(Stored items from a collection)
+===+

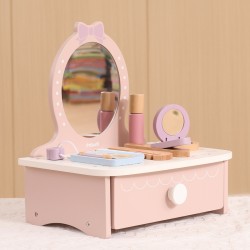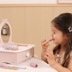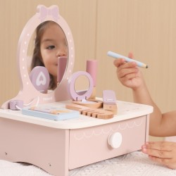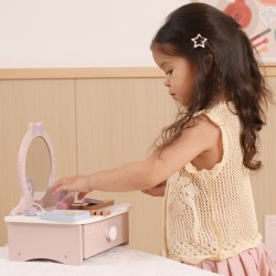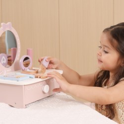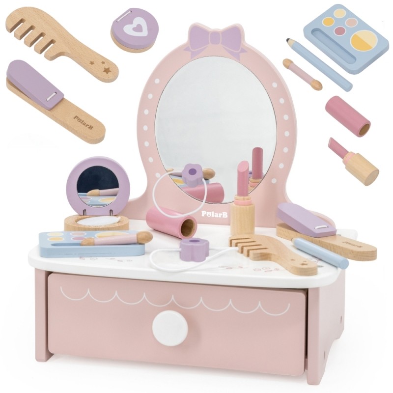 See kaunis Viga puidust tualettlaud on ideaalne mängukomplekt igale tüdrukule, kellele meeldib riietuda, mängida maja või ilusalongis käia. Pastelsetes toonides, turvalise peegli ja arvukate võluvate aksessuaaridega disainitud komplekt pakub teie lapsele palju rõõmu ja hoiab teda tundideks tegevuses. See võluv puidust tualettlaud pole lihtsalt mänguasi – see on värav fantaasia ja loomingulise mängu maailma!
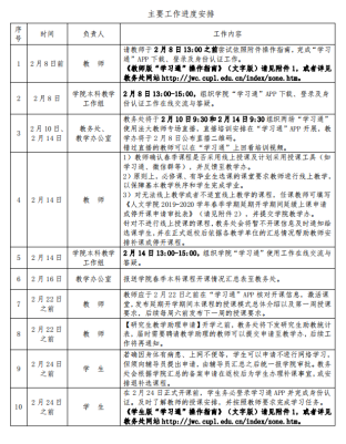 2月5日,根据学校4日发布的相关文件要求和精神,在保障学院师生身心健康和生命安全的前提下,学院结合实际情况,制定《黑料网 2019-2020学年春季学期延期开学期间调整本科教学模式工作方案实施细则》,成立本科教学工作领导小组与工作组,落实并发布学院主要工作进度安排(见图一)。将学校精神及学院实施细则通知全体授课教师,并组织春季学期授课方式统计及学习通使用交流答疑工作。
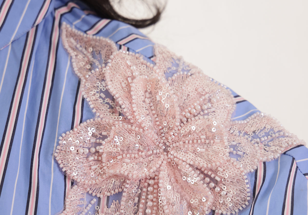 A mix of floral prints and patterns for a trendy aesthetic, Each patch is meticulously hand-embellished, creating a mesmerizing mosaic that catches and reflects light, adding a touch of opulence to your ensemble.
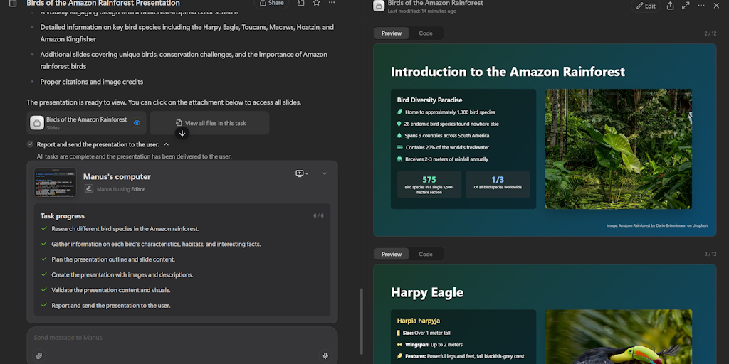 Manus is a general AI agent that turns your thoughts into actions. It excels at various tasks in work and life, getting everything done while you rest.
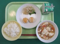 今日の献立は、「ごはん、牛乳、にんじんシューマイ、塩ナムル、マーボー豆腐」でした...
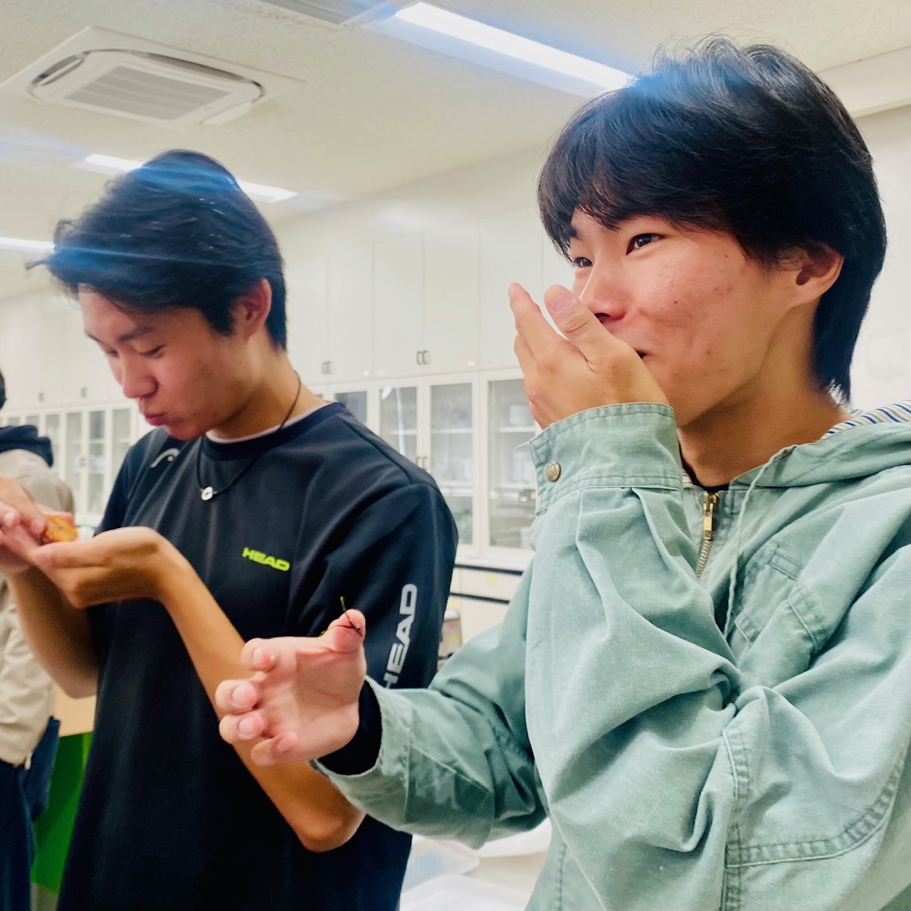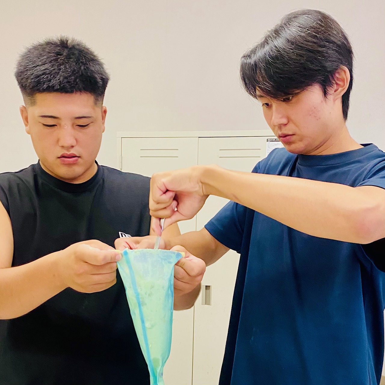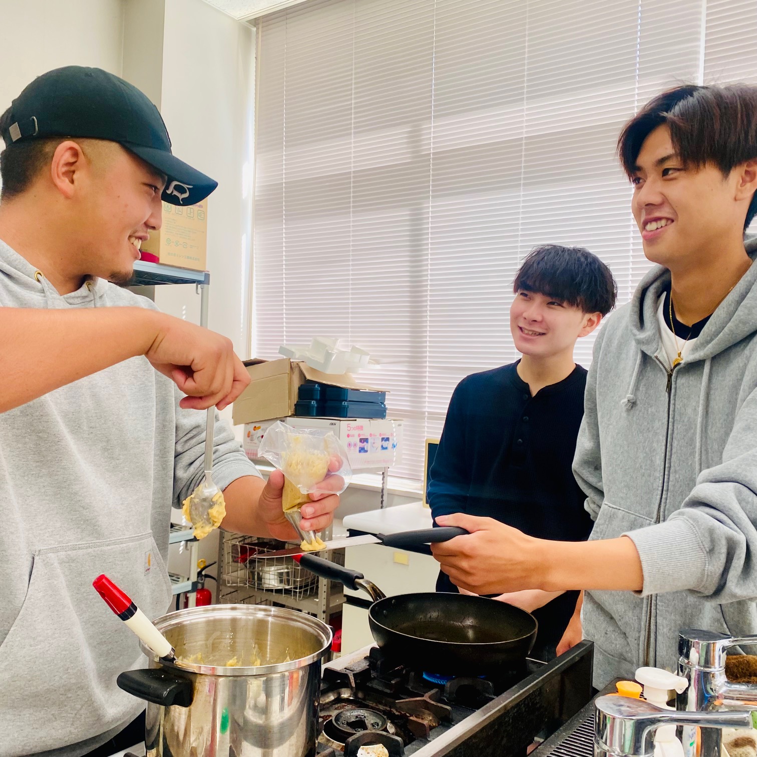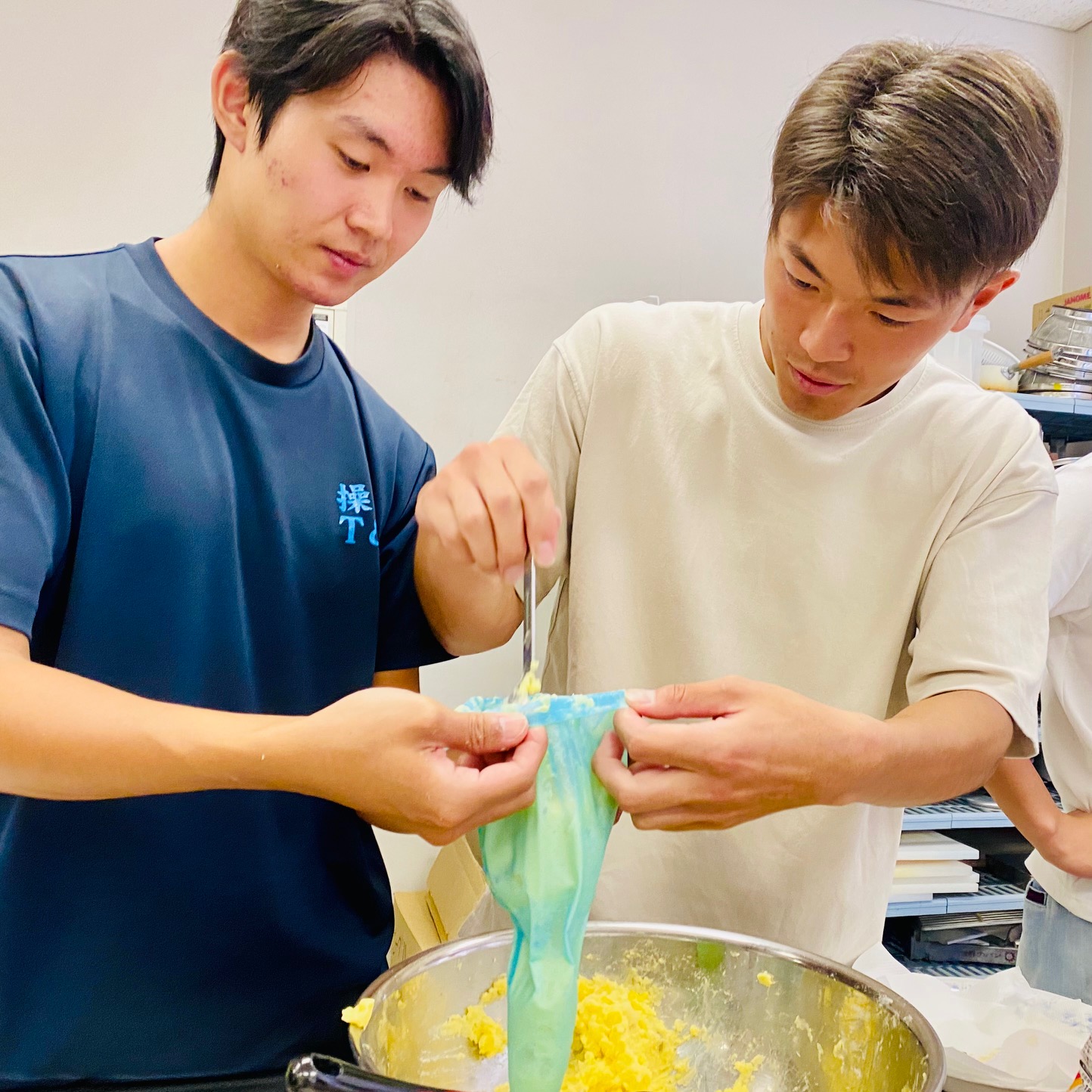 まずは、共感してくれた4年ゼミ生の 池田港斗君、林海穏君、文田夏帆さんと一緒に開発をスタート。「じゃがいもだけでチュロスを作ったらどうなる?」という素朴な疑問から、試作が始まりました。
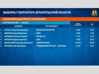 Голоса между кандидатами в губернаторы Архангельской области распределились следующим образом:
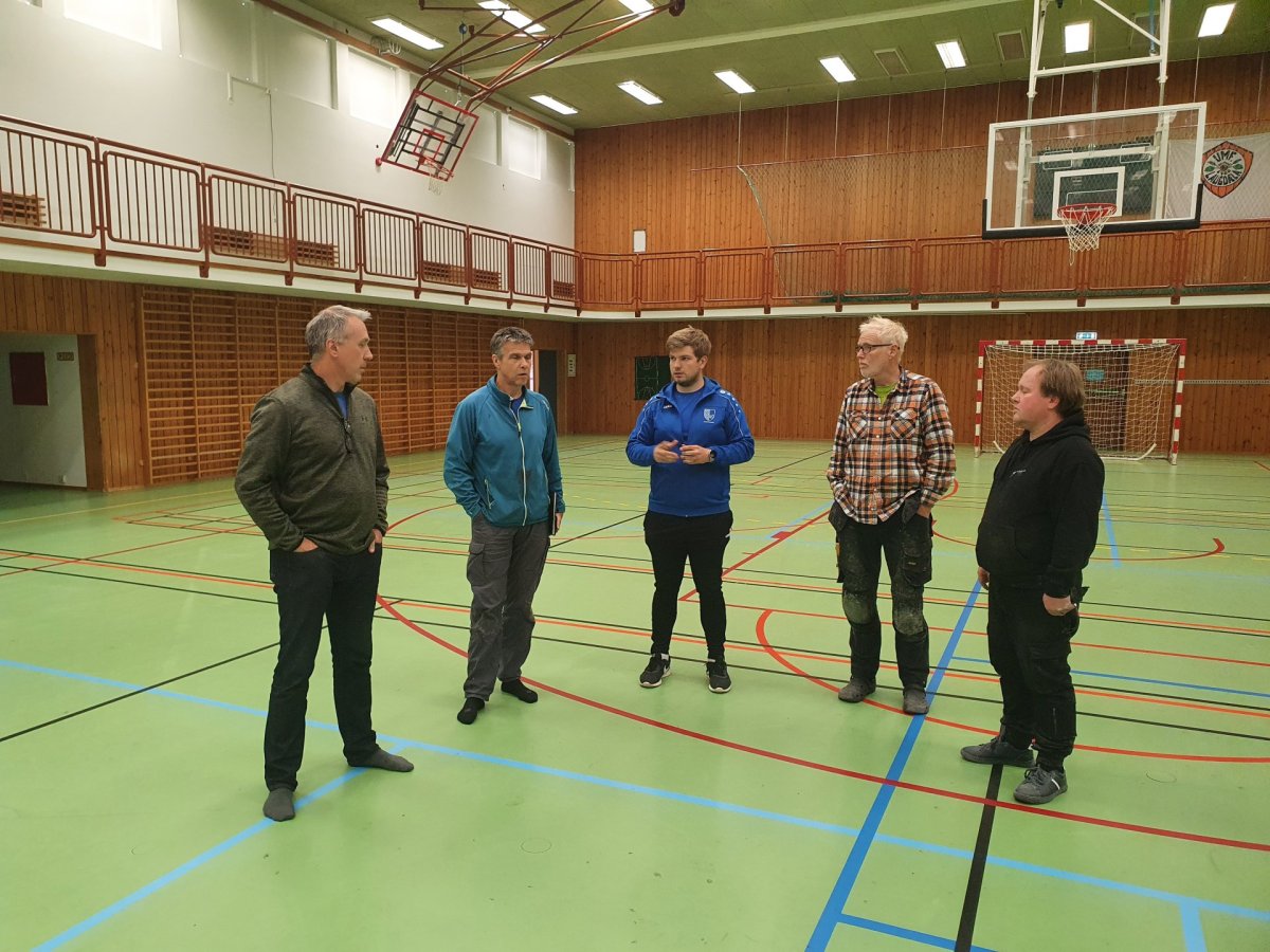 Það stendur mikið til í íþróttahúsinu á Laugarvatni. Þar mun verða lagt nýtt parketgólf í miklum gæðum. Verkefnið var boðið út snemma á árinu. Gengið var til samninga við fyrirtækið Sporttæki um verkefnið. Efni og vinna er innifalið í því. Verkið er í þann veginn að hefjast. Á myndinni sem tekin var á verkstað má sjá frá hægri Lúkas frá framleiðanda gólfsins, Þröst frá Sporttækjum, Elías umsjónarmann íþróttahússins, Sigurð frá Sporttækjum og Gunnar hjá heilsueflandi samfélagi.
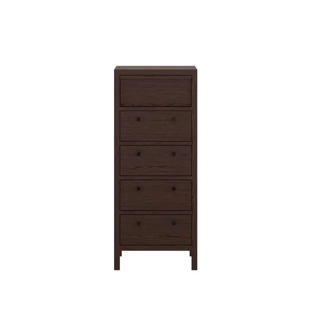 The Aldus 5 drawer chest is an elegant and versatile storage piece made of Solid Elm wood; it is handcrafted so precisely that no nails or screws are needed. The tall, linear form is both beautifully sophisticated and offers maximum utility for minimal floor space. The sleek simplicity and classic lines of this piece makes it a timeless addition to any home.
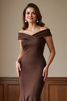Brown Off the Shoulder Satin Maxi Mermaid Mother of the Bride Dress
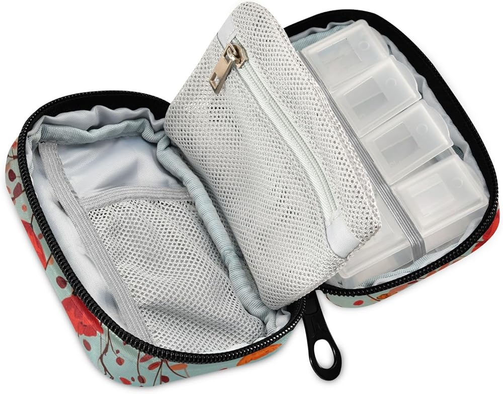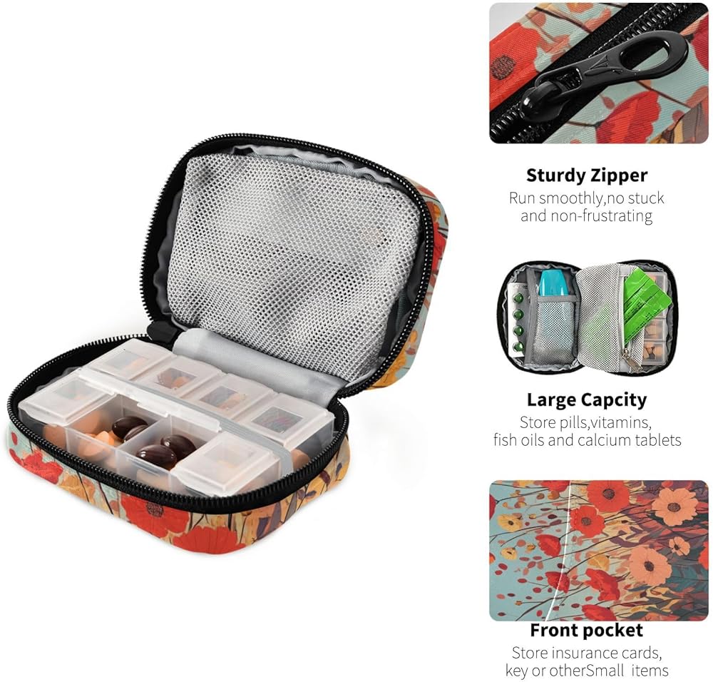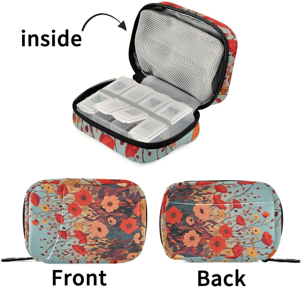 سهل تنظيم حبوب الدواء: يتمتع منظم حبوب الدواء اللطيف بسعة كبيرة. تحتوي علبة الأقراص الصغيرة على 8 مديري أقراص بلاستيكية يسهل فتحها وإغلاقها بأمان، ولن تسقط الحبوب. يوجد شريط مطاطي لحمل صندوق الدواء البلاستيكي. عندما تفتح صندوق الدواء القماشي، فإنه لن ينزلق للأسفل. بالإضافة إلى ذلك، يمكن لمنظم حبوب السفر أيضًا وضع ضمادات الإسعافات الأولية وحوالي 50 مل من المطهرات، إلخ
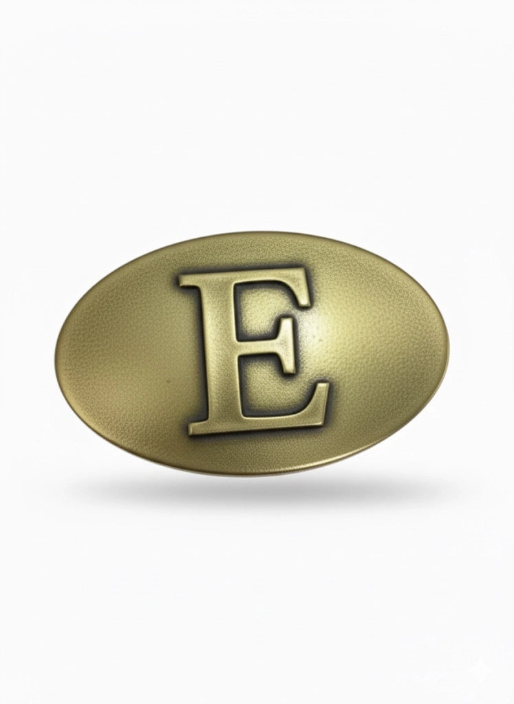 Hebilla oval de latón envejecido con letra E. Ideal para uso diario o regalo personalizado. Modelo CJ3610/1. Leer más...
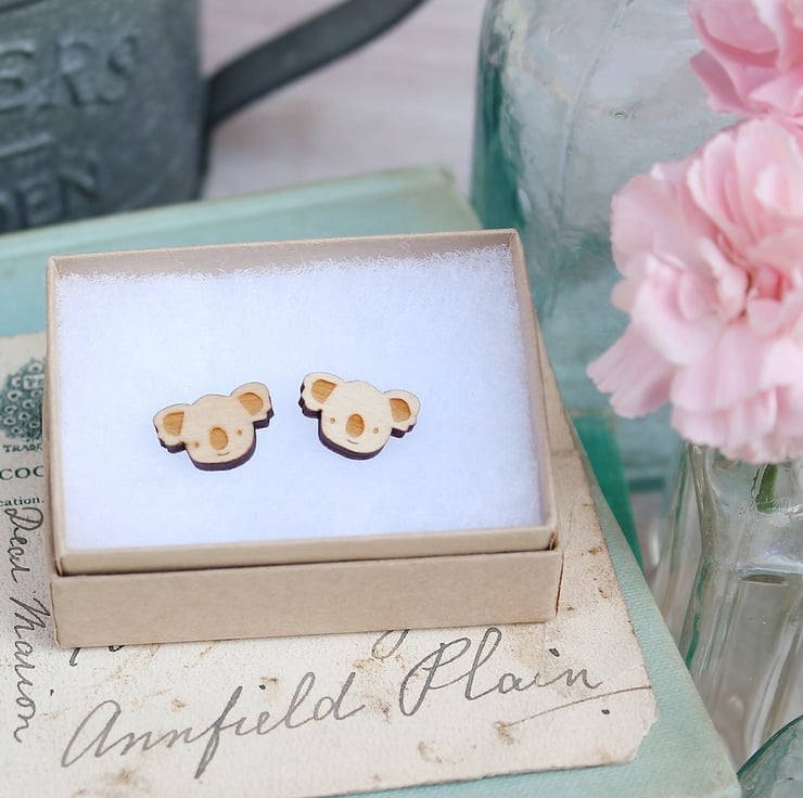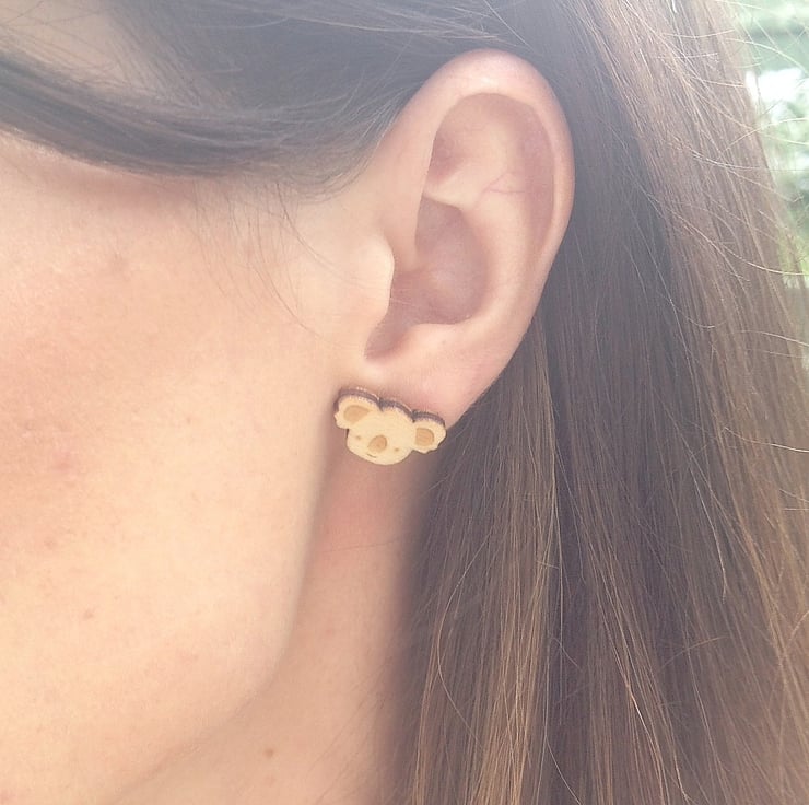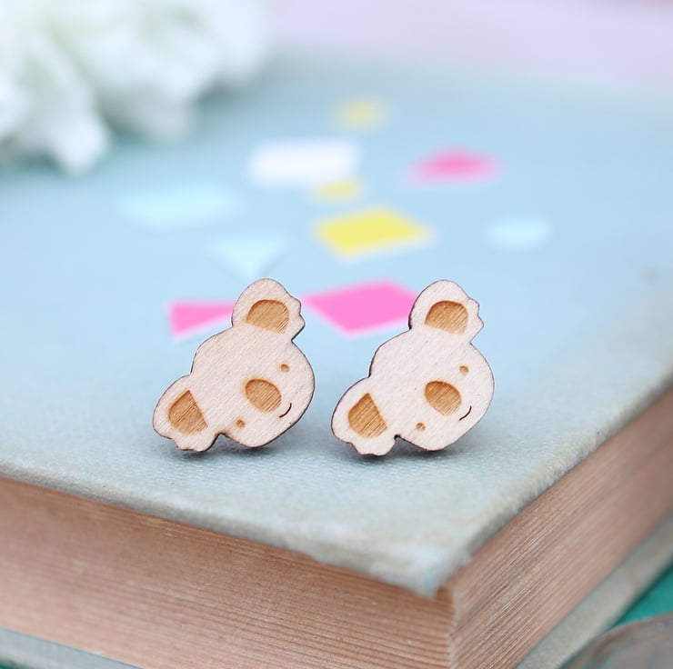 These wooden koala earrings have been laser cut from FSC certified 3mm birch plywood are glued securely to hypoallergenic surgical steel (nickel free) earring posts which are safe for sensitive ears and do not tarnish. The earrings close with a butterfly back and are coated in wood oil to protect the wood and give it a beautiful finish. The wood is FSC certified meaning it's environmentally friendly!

+===+

== How to complete this task ==
Leave the images behind and write out every entry exactly.

== Answer area ==
 See kaunis Viga puidust tualettlaud on ideaalne mängukomplekt igale tüdrukule, kellele meeldib riietuda, mängida maja või ilusalongis käia. Pastelsetes toonides, turvalise peegli ja arvukate võluvate aksessuaaridega disainitud komplekt pakub teie lapsele palju rõõmu ja hoiab teda tundideks tegevuses. See võluv puidust tualettlaud pole lihtsalt mänguasi – see on värav fantaasia ja loomingulise mängu maailma!
 2月5日,根据学校4日发布的相关文件要求和精神,在保障学院师生身心健康和生命安全的前提下,学院结合实际情况,制定《黑料网 2019-2020学年春季学期延期开学期间调整本科教学模式工作方案实施细则》,成立本科教学工作领导小组与工作组,落实并发布学院主要工作进度安排(见图一)。将学校精神及学院实施细则通知全体授课教师,并组织春季学期授课方式统计及学习通使用交流答疑工作。
 A mix of floral prints and patterns for a trendy aesthetic, Each patch is meticulously hand-embellished, creating a mesmerizing mosaic that catches and reflects light, adding a touch of opulence to your ensemble.
 Manus is a general AI agent that turns your thoughts into actions. It excels at various tasks in work and life, getting everything done while you rest.
 今日の献立は、「ごはん、牛乳、にんじんシューマイ、塩ナムル、マーボー豆腐」でした...
 まずは、共感してくれた4年ゼミ生の 池田港斗君、林海穏君、文田夏帆さんと一緒に開発をスタート。「じゃがいもだけでチュロスを作ったらどうなる?」という素朴な疑問から、試作が始まりました。
 Голоса между кандидатами в губернаторы Архангельской области распределились следующим образом:
 Það stendur mikið til í íþróttahúsinu á Laugarvatni. Þar mun verða lagt nýtt parketgólf í miklum gæðum. Verkefnið var boðið út snemma á árinu. Gengið var til samninga við fyrirtækið Sporttæki um verkefnið. Efni og vinna er innifalið í því. Verkið er í þann veginn að hefjast. Á myndinni sem tekin var á verkstað má sjá frá hægri Lúkas frá framleiðanda gólfsins, Þröst frá Sporttækjum, Elías umsjónarmann íþróttahússins, Sigurð frá Sporttækjum og Gunnar hjá heilsueflandi samfélagi.
 The Aldus 5 drawer chest is an elegant and versatile storage piece made of Solid Elm wood; it is handcrafted so precisely that no nails or screws are needed. The tall, linear form is both beautifully sophisticated and offers maximum utility for minimal floor space. The sleek simplicity and classic lines of this piece makes it a timeless addition to any home.
Brown Off the Shoulder Satin Maxi Mermaid Mother of the Bride Dress
 سهل تنظيم حبوب الدواء: يتمتع منظم حبوب الدواء اللطيف بسعة كبيرة. تحتوي علبة الأقراص الصغيرة على 8 مديري أقراص بلاستيكية يسهل فتحها وإغلاقها بأمان، ولن تسقط الحبوب. يوجد شريط مطاطي لحمل صندوق الدواء البلاستيكي. عندما تفتح صندوق الدواء القماشي، فإنه لن ينزلق للأسفل. بالإضافة إلى ذلك، يمكن لمنظم حبوب السفر أيضًا وضع ضمادات الإسعافات الأولية وحوالي 50 مل من المطهرات، إلخ
 Hebilla oval de latón envejecido con letra E. Ideal para uso diario o regalo personalizado. Modelo CJ3610/1. Leer más...
 These wooden koala earrings have been laser cut from FSC certified 3mm birch plywood are glued securely to hypoallergenic surgical steel (nickel free) earring posts which are safe for sensitive ears and do not tarnish. The earrings close with a butterfly back and are coated in wood oil to protect the wood and give it a beautiful finish. The wood is FSC certified meaning it's environmentally friendly!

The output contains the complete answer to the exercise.